And this annoyance becomes a disaster when you're talking about stories like the ones Zimdars calls out, with misleading headlines and descriptions. Let's say triggerfinger comes across one of those stories and comments on it to say "Hey, heads up everyone, this is bullshit. The actual story is not what the blurb implies." I'm friends with triggerfinger so when I go to my news feed I see "triggerfinger commented on a post." But it doesn't show triggerfinger's comment. It shows the goddamn misleading headline and misleading blurb. So the misinformation propagates even though triggerfinger was trying to correct it.
posted by mama casserole at 6:02 AM on November 16, 2016 [26 favorites]


Lotta moving parts to this discussion, but one of them was identified by a right wing radio personality named Charlie Sykes, who admits that the right wing has created a monster.
posted by swheatie at 2:57 PM on November 16, 2016 [3 favorites]


They ain't gonna ban the NY Times for Judith Miller and the Iraqi WMDs.
They ain't gonna ban Rolling Stone for the "Rape on Campus" hoax.
They ain't gonna ban Newsweek for its "We found the Bitcoin creator!" harassment of a random old man.
They ain't gonna ban anyone exposed colluding with the Clinton campaign and helping elect Trump with the "Pied Piper Strategy."

Fuck 'em. Just salty there isn't a big pricey printing press or broadcast tower they control anymore.
posted by save alive nothing that breatheth at 4:41 PM on November 16, 2016 [1 favorite]




The folks at FBPurity have provided the list along with instructions for using it a a blacklist text filter with their extension.
posted by Johnny Wallflower at 6:09 PM on November 17, 2016 [2 favorites]


Here’s a Chrome Extension That Will Flag Fake-News Sites for You

A friend of mine made something similar. It doesn't censor, just highlight. And it covers "satirical" sites in addition to propaganda outlets, so you don't have to memorise all five billion Onion wannabes out there to avoid getting duped.

My only personal gripe is that I think he tried a bit too hard to shove some lefty sites in there to satisfy a dubious notion of "balance", but I didn't actually spot any sources on there that I'd personally consider to be unjustifiably listed. The good news is that, if you do spot a site that's unfairly labeled or can think of an unreliable site that isn't on the list (Crooks and Liars jumped out as me as a "really? them?" kind of item, but I don't actually read it, so I dunno), you can submit a GitHub Issue with your justification. He's a reasonable guy, in my experience, so posting a polite, detailed issue is probably worth your effort.
posted by tobascodagama at 8:30 PM on November 17, 2016 [2 favorites]


WaPo: Fake news on Facebook is a real problem.

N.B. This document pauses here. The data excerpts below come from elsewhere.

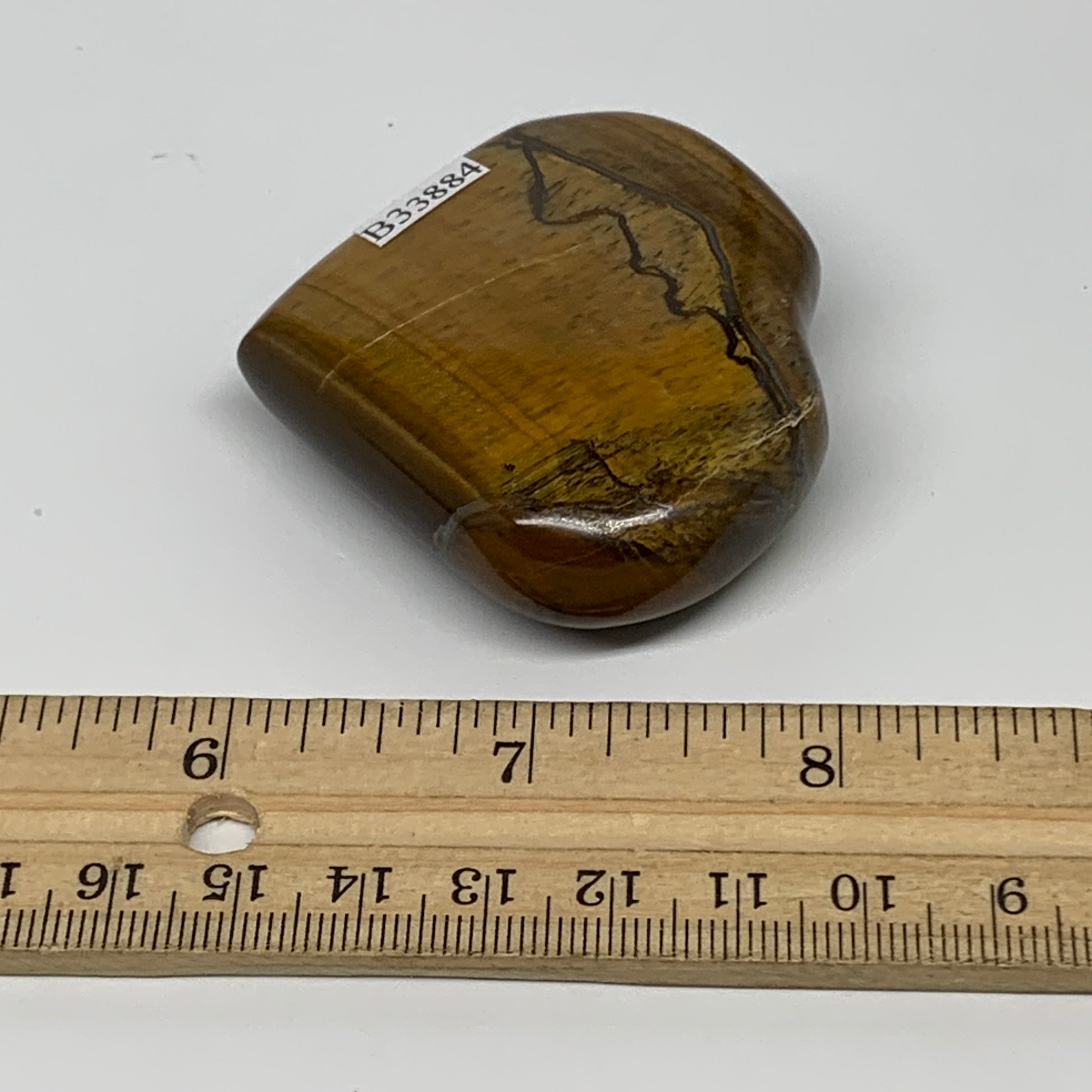 82.4g, 2.1"x2.2"x0.7", Tiger's Eye Heart Polished Healing Crystal @India, B33884
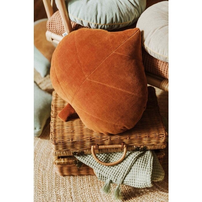 Uniek fluwelen speelgoed, gemaakt van hoogwaardige, milieuvriendelijke materialen die perfect zijn voor de speelkamer van uw kind. Knus bladkussen inspireert tot dagdromen van de volgende familiewandeling in het bos.
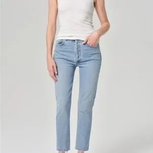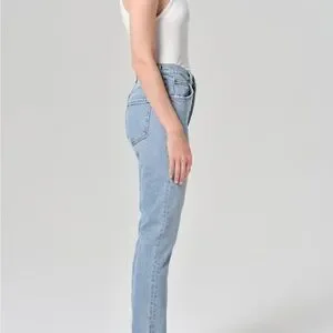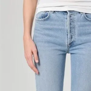 These Agolde jeans feature a classic straight leg cut in a clean blue hue, offering a modern cropped length that ends just above the ankle. The mid-rise fit and smooth denim texture provide a comfortable and stylish look for any casual occasion.
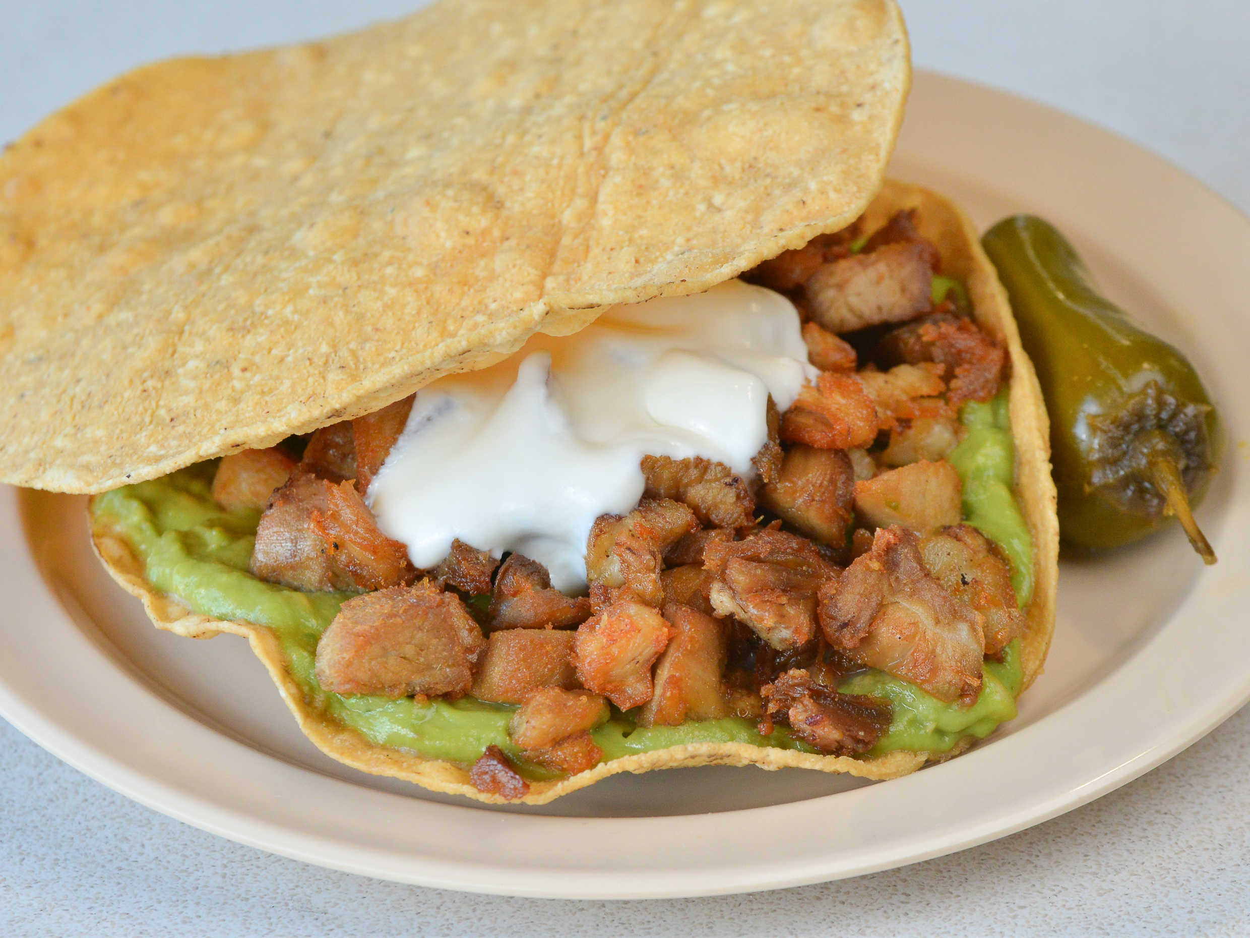 ¿Ya probaste esta delicia? Tostada gigante con ricas carnitas desmenuzadas con guacamole y crema.
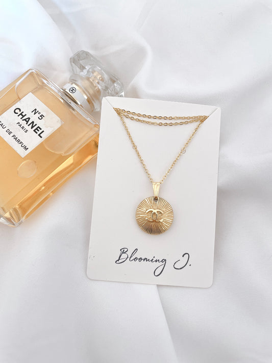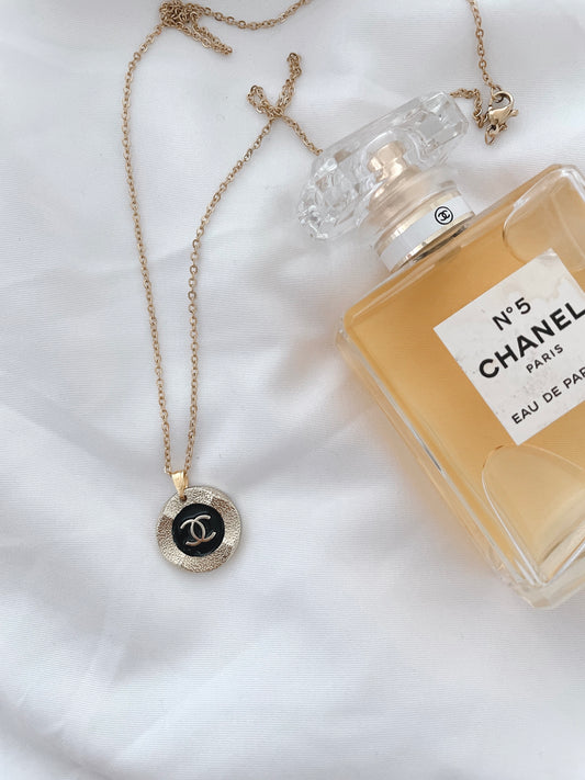 Repurposed Authentic Designer Button Gold Plated Necklace
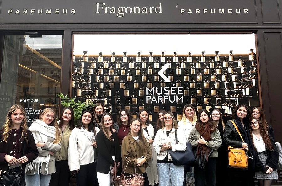 La matinée a débuté par la visite du musée du parfum Fragonard, lieu emblématique retraçant l’histoire du parfum de l’Antiquité à nos jours. Les étudiantes ont pu y découvrir les secrets de fabrication de la maison Fragonard ainsi qu’une collection exceptionnelle de flacons historiques et d’objets d’art liés à la parfumerie. Une expérience immersive qui a permis de mieux comprendre l’évolution de cet art au fil des siècles.
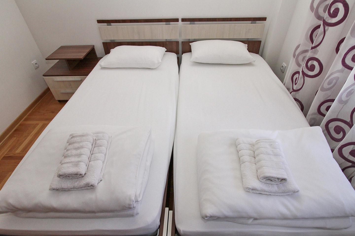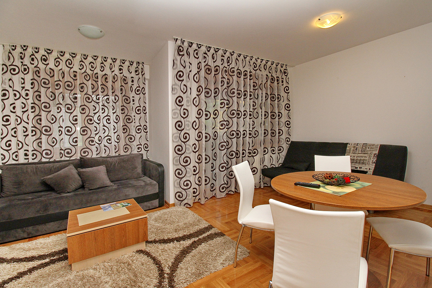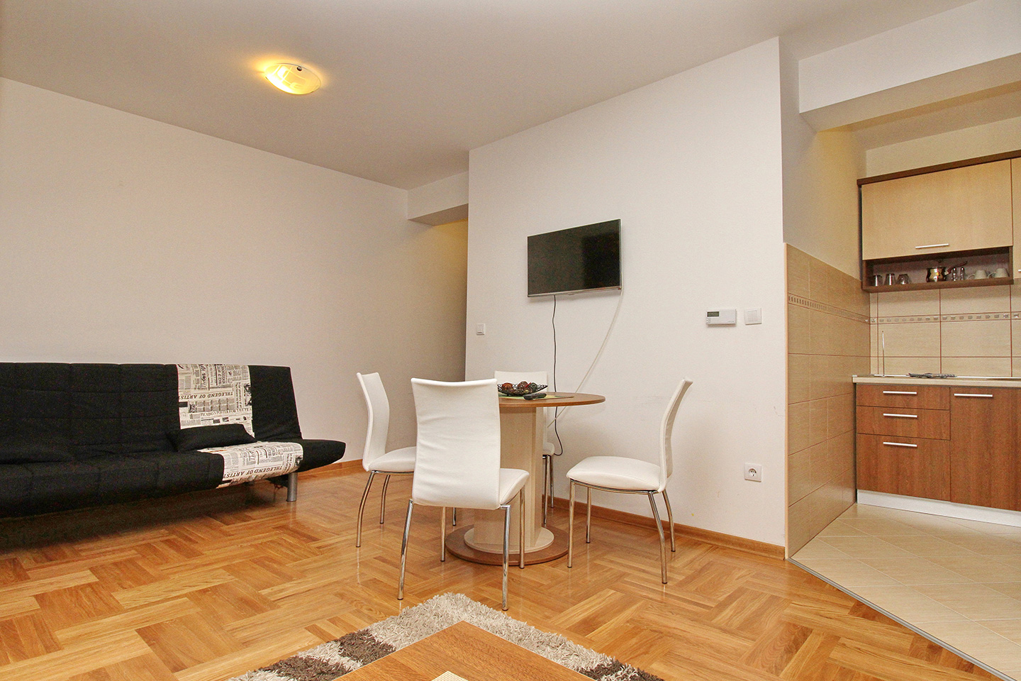 Opis Luksuzno opremljena kuhinja, spavaća soba sa francuskim ležajem, kupatilo i terasa sa pogledom na borove šume, dnevni boravak, kapacitet apartmana 5 osoba.
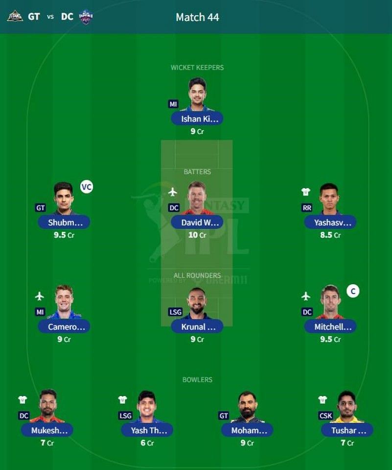Players playing in Match 44: Mukesh Kumar (BOWL) (DC) (7 Credits), David Warner (BAT) (DC) (10 Credits), Mohammed Shami (GT) (BOWL) (9 Credits), Shubman Gill (BAT) (GT) (9.5 Credits), and Mitchell Marsh (ALL) (DC) (9.5 Credits).
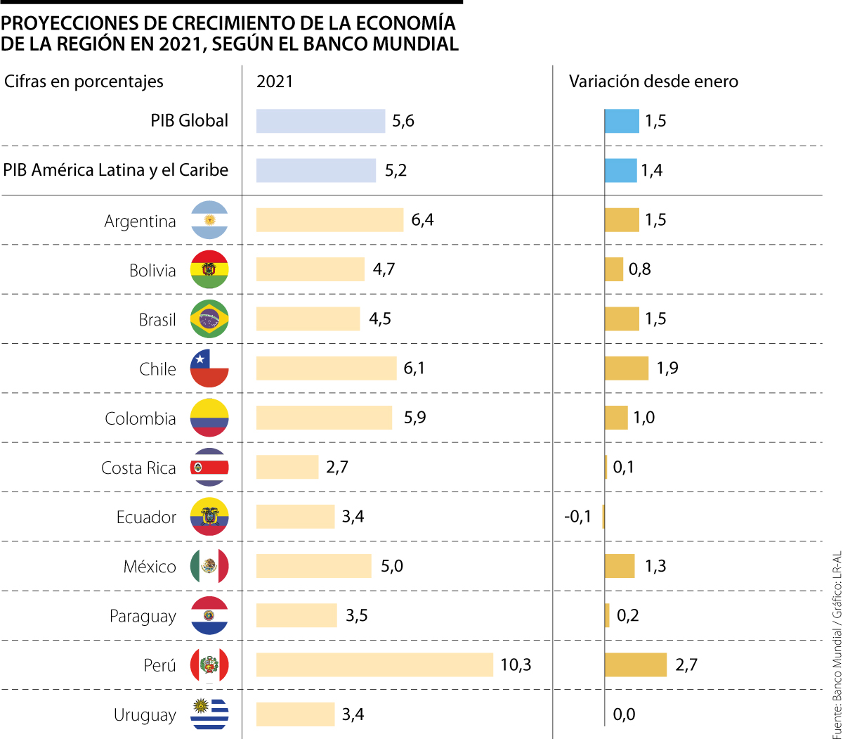 A pesar de que América Latina fue una de las regiones más afectadas por la pandemia, cerrando 2020 con una contracción en su PIB de 6,5%, las estimaciones de la entidad pronostican un crecimiento positivo de 5,2% que se ubica 1,4 puntos porcentuales sobre la referencia de inicio de año.

These college students came up with a fix in 36 hours.

Chrome extension here. The authors say their verification servers are overloaded so it may not do anything at the moment.
posted by Johnny Wallflower at 10:48 AM on November 18, 2016


We Tracked Down A Fake-News Creator In The Suburbs. Here's What We Learned

That his company is named "Disinfomedia" seemed a little too good to be true, so I did track down that there was a domain dispute between him and Washington Post over washingtonpost.com.co

And the quote that I'm seeing forwarded everywhere is:
We've tried to do similar things to liberals. It just has never worked, it never takes off. You'll get debunked within the first two comments and then the whole thing just kind of fizzles out.
posted by RobotHero at 4:16 PM on November 24, 2016


And the quote that I'm seeing forwarded everywhere is:


Considering that this is a comment made by someone whose sole skill is making garbage viral, I am disinclined to believe it. I see plenty of junk passed around by liberals.
posted by maxsparber at 7:09 AM on November 25, 2016 [3 favorites]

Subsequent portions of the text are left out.